Like unprotected sex or one more drink, it always seems like a good idea at the time. In an environment of only low and lower rates, an ARM has looked like a good idea for many years now. The typical ARM, a "5/1" in industry parlance, gives a lower "teaser" rate upfront in exchange for a rate that adjusts annually after five years.

According to Bloomberg, today's average rates for the following mortgages are as follows:

30-Year Fixed Rate: 3.61 percent
15-Year Fixed Rate: 2.93 percent
5/1 Adjustable Rate: 2.83 percent

The ARM is the lowest. In the same way that going without any insurance is "cheaper," so is an ARM. A fixed rate mortgage grants you a guaranteed low rate in exchange for paying a rate premium. An ARM allows you to forego this premium in exchange for going without fixed-rate protection. As long as rates never rise, you'll come out ahead. Many people seem all-too-willing to make that bet.

Why would so many people opt for an ARM when it's so dangerous? Most likely, they just don't understand the risks.

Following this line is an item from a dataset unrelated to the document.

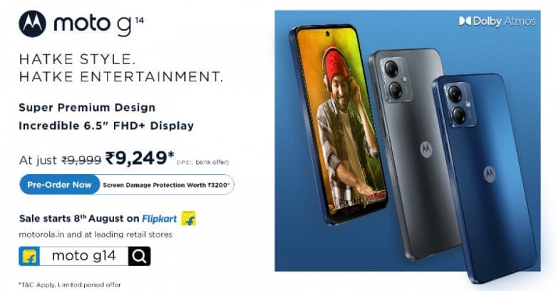 50MP (0,64μm εγγενή pixel, 1,28μm μετά τη σύνδεση). Υπάρχει επίσης μια κάμερα selfie 8MP στο μπροστινό μέρος (1,12μm), τόσο αυτή όσο και η πίσω κάμερα μπορούν να εγγράψουν βίντεο 1080p στα 30fps. Μερικά άλλα πράγματα που αξίζει να αναφέρουμε είναι η αντίσταση στη σκόνη και το νερό IP52 και ο αναγνώστης δακτυλικών αποτυπωμάτων που είναι τοποθετημένος στο πλάι. Επίσης, το G14 κατασκευάζεται στην Ινδία. Υπάρχουν δύο χρώματα για να διαλέξετε: Sky Blue και Steel Grey. Δύο ακόμη εκδόσεις, Pale Lilac και Butter Cream Vegan Leather, θα κυκλοφορήσουν επίσης σύντομα. Το Motorola Moto G14 είναι σε προπαραγγελία τώρα, μπορείτε να το βρείτε στο Flipkart. Θα κυκλοφορήσει μια εβδομάδα από τώρα, στις 8 Αυγούστου. Η τιμή έχει οριστεί στα 10.000 ₹ (€111).

First, people assume they'll be able to refinance into a fixed rate mortgage when rates rise. This is like assuming you will be able to buy flood insurance as the Tsunami rolls past. It just won't work. If you wait to refinance until then, you'll only be able to refinance at the new prevailing, higher rates.

Second, many don't remember a time when rates were rising, because it hasn't happened for nearly two score years. Back in the 1980s, mortgage rates jumped as high as 18 percent. That's right. Eighteen.

Try refinancing into that.

It's doubtful we are heading back that high, and many ARMs have rate caps that prevent them from going above, say, 12 percent. But even just a doubling of most people's payments (and even over a staggered period of years as most ARMs provide) would still overwhelm most homeowners.

Another misconception is that the risk of an ARM can be handled by simply selling the home. Well, imagine trying to sell your home at the same time as all the others who have ARMs. Or picture having to unload it in a fire sale under the pressure of a rising mortgage payment. You get the idea.

The sad truth is that most people are in ARM's because they couldn't afford the house with a fixed rate mortgage in the first place.

They are unlikely to afford it once rates start rising.

This article is intended to provide general information and should not be considered legal, tax or financial advice. It's always a good idea to consult a legal, tax or financial advisor for specific information on how certain laws apply to you and about your individual financial situation. All investment involves risk of loss. No one should invest in any financial security or take out any loan without reading the full documents and seeking professional, personalized advice, if required.